Agarose gel electrophoresis of rat urinary glycosamino­glycans is shown in Figure 6. Three bands migrating as chondroitin sulfate (CS), dermatan sulfate (DS), and heparan sulfate (HS) were identified. The band migrating as chondroitin sulfate was totally degraded by chondroitinase AC and the band migrating as heparan sulfate was susceptible to heparitinases I and II from Flavobacterium heparinum.

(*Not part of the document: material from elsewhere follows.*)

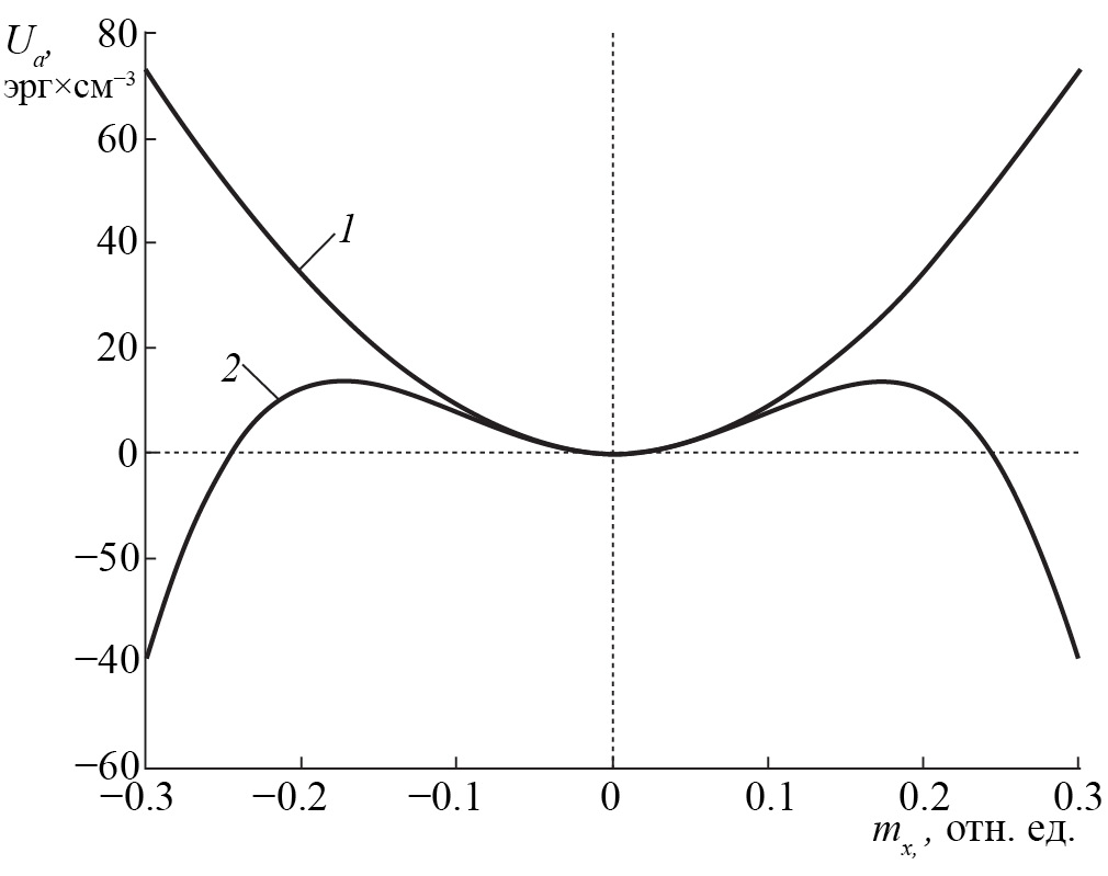 Как видим, оба слагаемых представляют собой параболы, ветви которых при увеличении mx неограниченно возрастают (во всяком случае до mx → 1). Если обе константы положительны, то потенциал Ua имеет единственный минимум, соответствующий mx = 0, т. е. намагниченность в равновесии будет выстроена точно вдоль оси Oz. Однако если константа K4 положительна, а K2 отрицательна, то слагаемые потенциала действуют в противоположных направлениях, так что возможно существование двух минимумов, разделенных максимумом. Такая ситуация представлена на рис. 2, где кривая 1 соответствует второму слагаемому потенциала (7) с положительной константой K4, а кривая 2 – первому слагаемому (7) с отрицательной константой K2. Кривая 3 соответствует сумме первых двух, так что на ней четко наблюдаются два минимума, разделенные максимумом.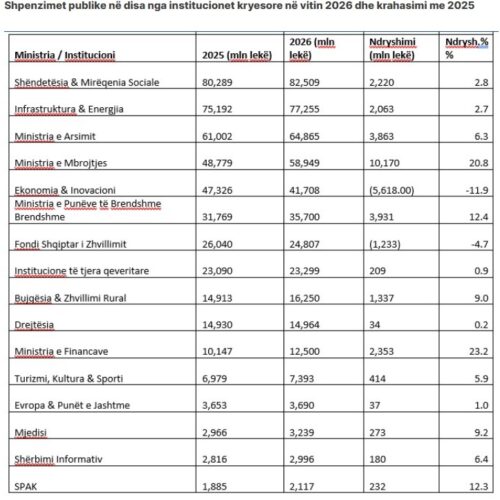 Institucioni i dytë që parashikohen më shumë shpenzime është Ministria e Infrastrukturës me 772 milionë euro. Në këtë ritëm vijon dhe ministria e arsimit, buxheti i të cilës është rritur në 620 milionë euro. Ndërsa Ministria e Mbrojtjes do të ketë një buxhet 589 milionë euro. Ministria e Bujqësisë do të marrë 14 milionë euro më shumë duke arritur në një buxhet 162 milionë euro për 2026. .(grafik)

The band migrating as dermatan sulfate was degraded by chondroitinase B and was partially degraded by chondroitinase AC, indicating that this dermatan sulfate is composed by both glucuronic acid and iduronic acid-containing disaccharide units (Población and Michelacci, 1986Go). Table II shows the concentrations (expressed as µg/24 h) and the relative proportions of these urinary glycosaminoglycans in the control and experimental groups. In some instances it was difficult to separate dermatan sulfate and chondroitin sulfate; so, they were quantified together. The glycosaminoglycan excretion was decreased to about 1/10 of the control in the "Diabetes" group, expressed as mg/l of urine (Figure 4), and to 1/5 as expressed as µg/24 h (Figure 4 and Table II). Both heparan sulfate and chondroitin sulfate/dermatan sulfate decreased in diabetic animals from the 2nd week on after streptozotocin exposure.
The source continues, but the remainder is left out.